--- Supplied records Enclosed Below ---

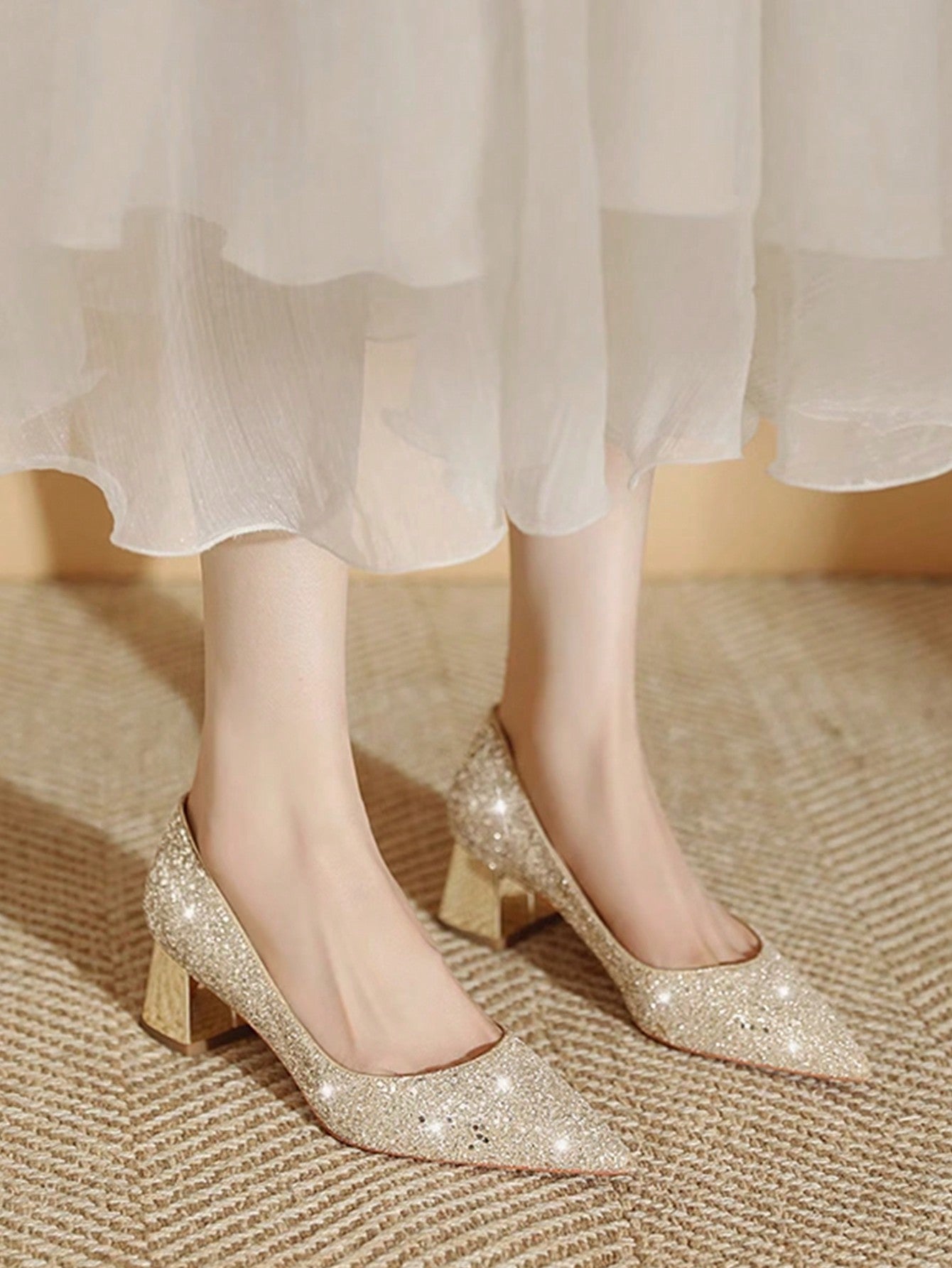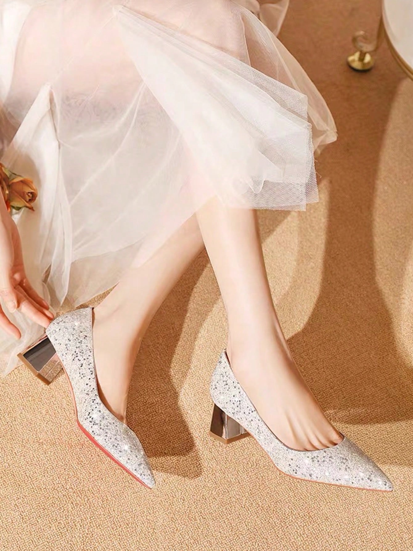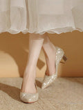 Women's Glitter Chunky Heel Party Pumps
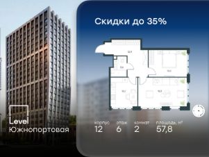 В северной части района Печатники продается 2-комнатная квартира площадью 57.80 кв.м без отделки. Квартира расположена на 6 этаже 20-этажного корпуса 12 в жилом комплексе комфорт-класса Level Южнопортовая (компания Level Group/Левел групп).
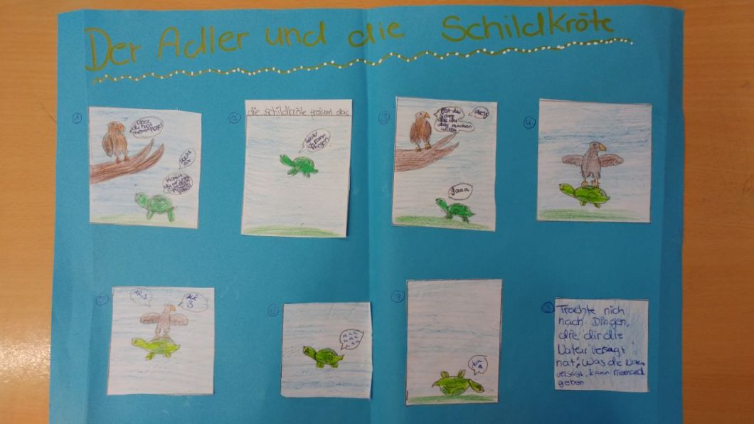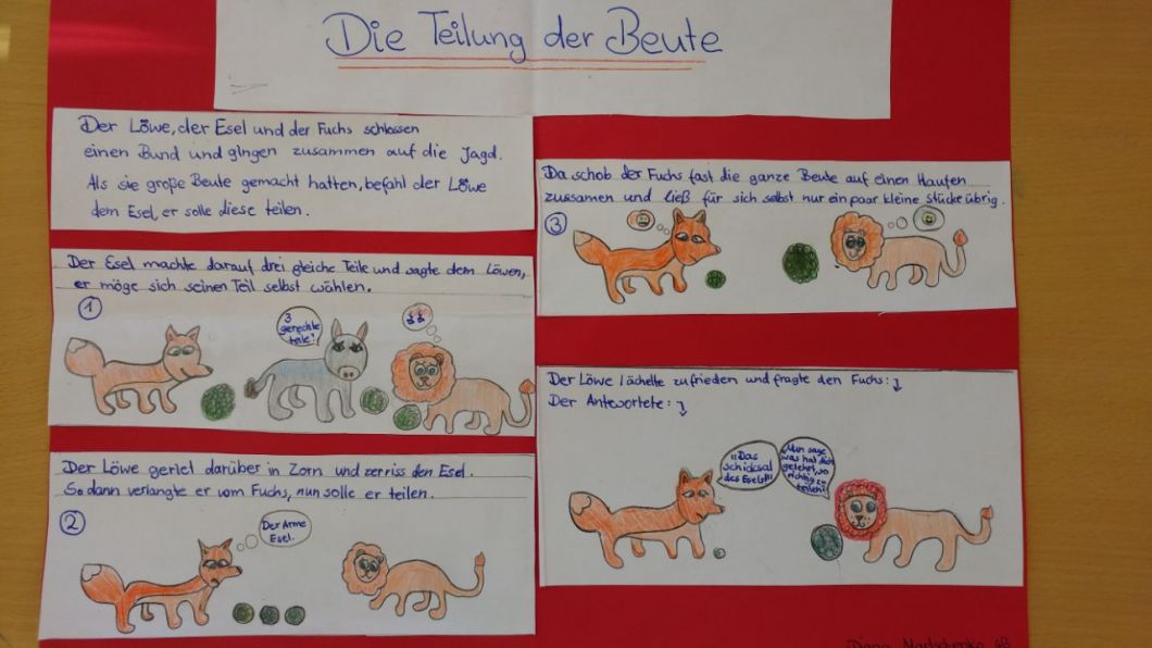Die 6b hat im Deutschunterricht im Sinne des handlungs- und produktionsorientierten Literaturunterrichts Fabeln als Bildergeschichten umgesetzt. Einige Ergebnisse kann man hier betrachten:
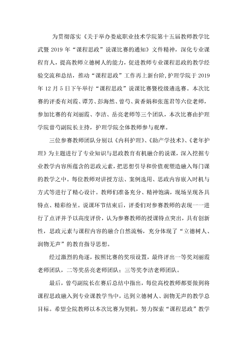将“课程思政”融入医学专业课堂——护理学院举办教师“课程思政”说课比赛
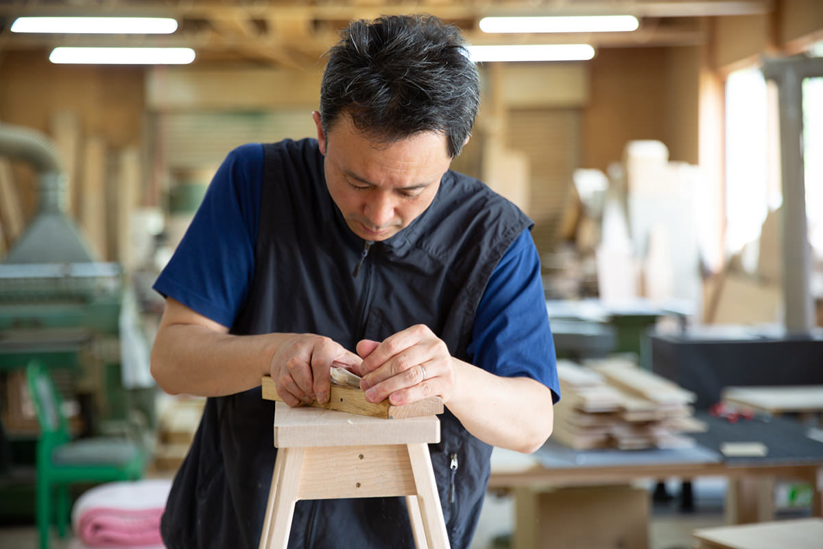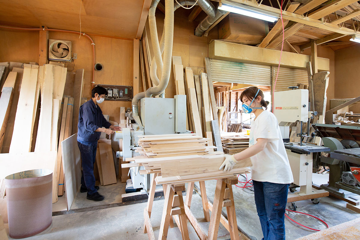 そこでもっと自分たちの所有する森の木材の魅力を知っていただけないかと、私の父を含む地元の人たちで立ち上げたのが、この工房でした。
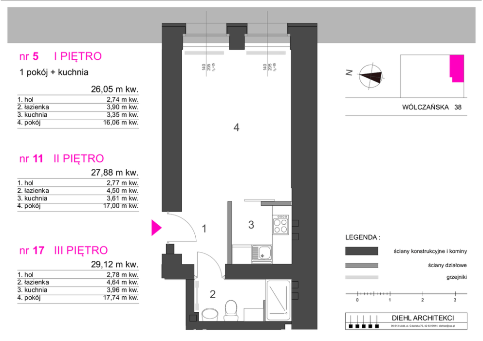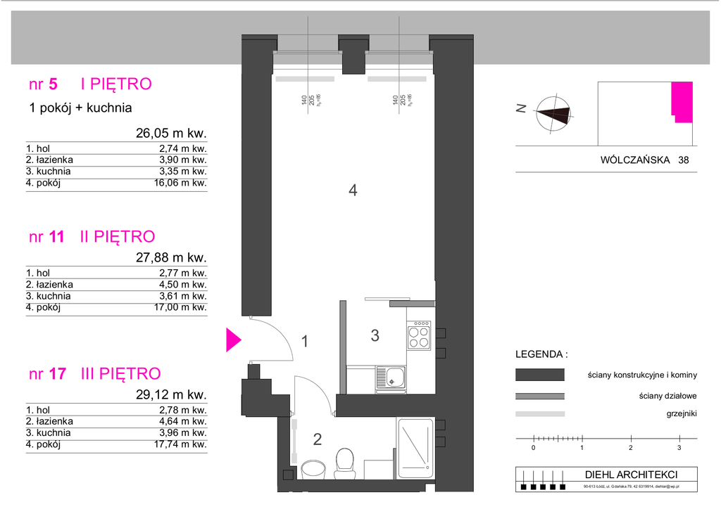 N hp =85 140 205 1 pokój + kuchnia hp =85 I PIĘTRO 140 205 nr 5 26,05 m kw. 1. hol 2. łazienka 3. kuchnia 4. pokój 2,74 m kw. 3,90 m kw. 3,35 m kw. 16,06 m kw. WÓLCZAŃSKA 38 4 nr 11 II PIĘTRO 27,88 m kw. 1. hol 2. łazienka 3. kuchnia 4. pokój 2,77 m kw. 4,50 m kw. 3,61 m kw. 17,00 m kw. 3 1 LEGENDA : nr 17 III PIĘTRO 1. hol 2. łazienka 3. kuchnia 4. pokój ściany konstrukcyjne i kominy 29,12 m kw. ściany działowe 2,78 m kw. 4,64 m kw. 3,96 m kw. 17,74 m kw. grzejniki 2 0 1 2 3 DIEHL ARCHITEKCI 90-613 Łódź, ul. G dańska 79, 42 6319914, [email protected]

--- End of Enclosed Supplied records ---

To do
Leave the pictures out and output the rest of the data word for word.

Result below
 Women's Glitter Chunky Heel Party Pumps
 В северной части района Печатники продается 2-комнатная квартира площадью 57.80 кв.м без отделки. Квартира расположена на 6 этаже 20-этажного корпуса 12 в жилом комплексе комфорт-класса Level Южнопортовая (компания Level Group/Левел групп).
Die 6b hat im Deutschunterricht im Sinne des handlungs- und produktionsorientierten Literaturunterrichts Fabeln als Bildergeschichten umgesetzt. Einige Ergebnisse kann man hier betrachten:
将“课程思政”融入医学专业课堂——护理学院举办教师“课程思政”说课比赛
 そこでもっと自分たちの所有する森の木材の魅力を知っていただけないかと、私の父を含む地元の人たちで立ち上げたのが、この工房でした。
 N hp =85 140 205 1 pokój + kuchnia hp =85 I PIĘTRO 140 205 nr 5 26,05 m kw. 1. hol 2. łazienka 3. kuchnia 4. pokój 2,74 m kw. 3,90 m kw. 3,35 m kw. 16,06 m kw. WÓLCZAŃSKA 38 4 nr 11 II PIĘTRO 27,88 m kw. 1. hol 2. łazienka 3. kuchnia 4. pokój 2,77 m kw. 4,50 m kw. 3,61 m kw. 17,00 m kw. 3 1 LEGENDA : nr 17 III PIĘTRO 1. hol 2. łazienka 3. kuchnia 4. pokój ściany konstrukcyjne i kominy 29,12 m kw. ściany działowe 2,78 m kw. 4,64 m kw. 3,96 m kw. 17,74 m kw. grzejniki 2 0 1 2 3 DIEHL ARCHITEKCI 90-613 Łódź, ul. G dańska 79, 42 6319914, [email protected]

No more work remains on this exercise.